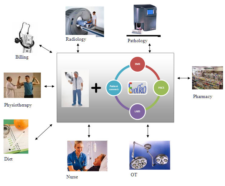 Evolko Enterprise EMR captures patients treatment and decision making information at every level; Front desk, Nurse station, Doctor's office, OT, OPD, labs, pharmacy. A complete patient record is created and available anytime, anywhere.
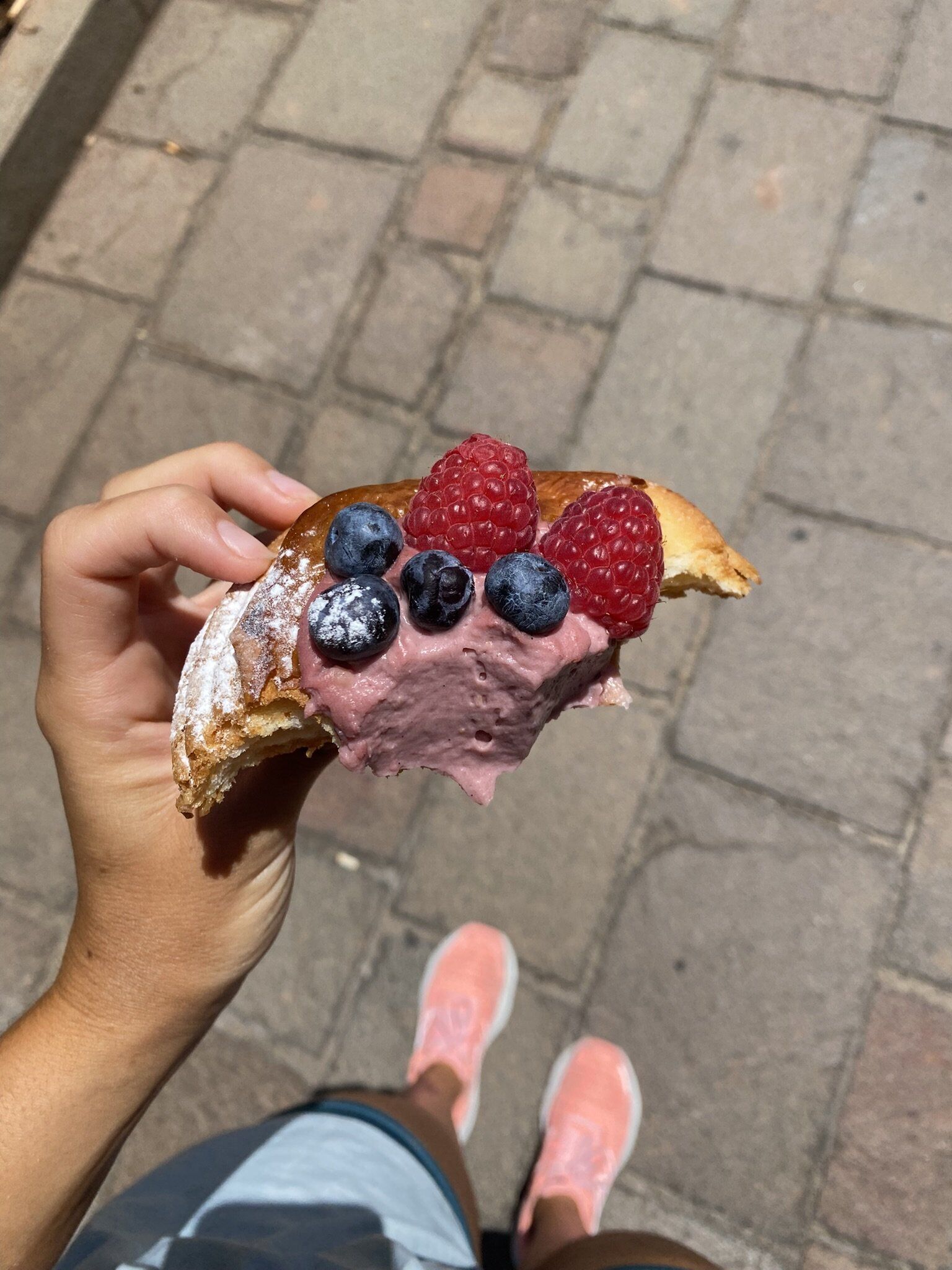 danesa de yogur de frambuesa con fresa y arándanos
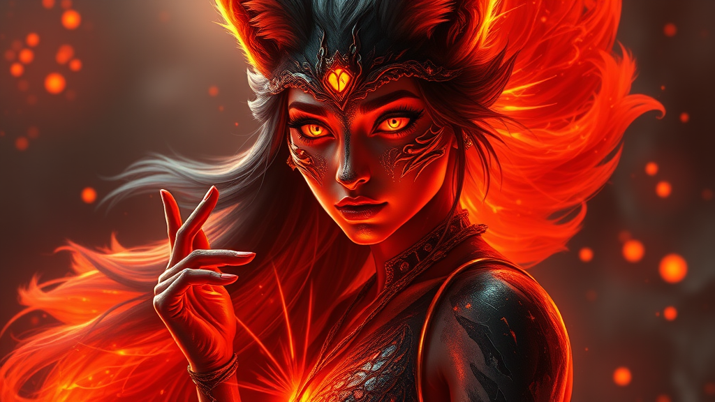 A captivating full body portrait of a fox lady composed of magma and lava, radiantly glowing. Inspired by Charlie Bowater, featuring a volumetric atmosphere, exceptional quality, and sharp focus. Her face is exquisitely beautiful, with graceful hands. The artwork is high resolution, vibrant, intricately detailed, and breathtaking with precise linework. The composition is cinematic and comprehensive, boasting maximum detail in 4k UHD digital art. An award-winning piece, trending on ArtStation, showcasing a dynamic pose. No low resolution, text, or errors. The anatomy is perfect with no extra or missing elements. No watermarks, signatures, weapons, or sunglasses present.
§
* _WORK REQUIRED_
Word for word, restate all of the data, but do not copy the pictures.

* _EXERCISE RESULT_
 Evolko Enterprise EMR captures patients treatment and decision making information at every level; Front desk, Nurse station, Doctor's office, OT, OPD, labs, pharmacy. A complete patient record is created and available anytime, anywhere.
 danesa de yogur de frambuesa con fresa y arándanos
 A captivating full body portrait of a fox lady composed of magma and lava, radiantly glowing. Inspired by Charlie Bowater, featuring a volumetric atmosphere, exceptional quality, and sharp focus. Her face is exquisitely beautiful, with graceful hands. The artwork is high resolution, vibrant, intricately detailed, and breathtaking with precise linework. The composition is cinematic and comprehensive, boasting maximum detail in 4k UHD digital art. An award-winning piece, trending on ArtStation, showcasing a dynamic pose. No low resolution, text, or errors. The anatomy is perfect with no extra or missing elements. No watermarks, signatures, weapons, or sunglasses present.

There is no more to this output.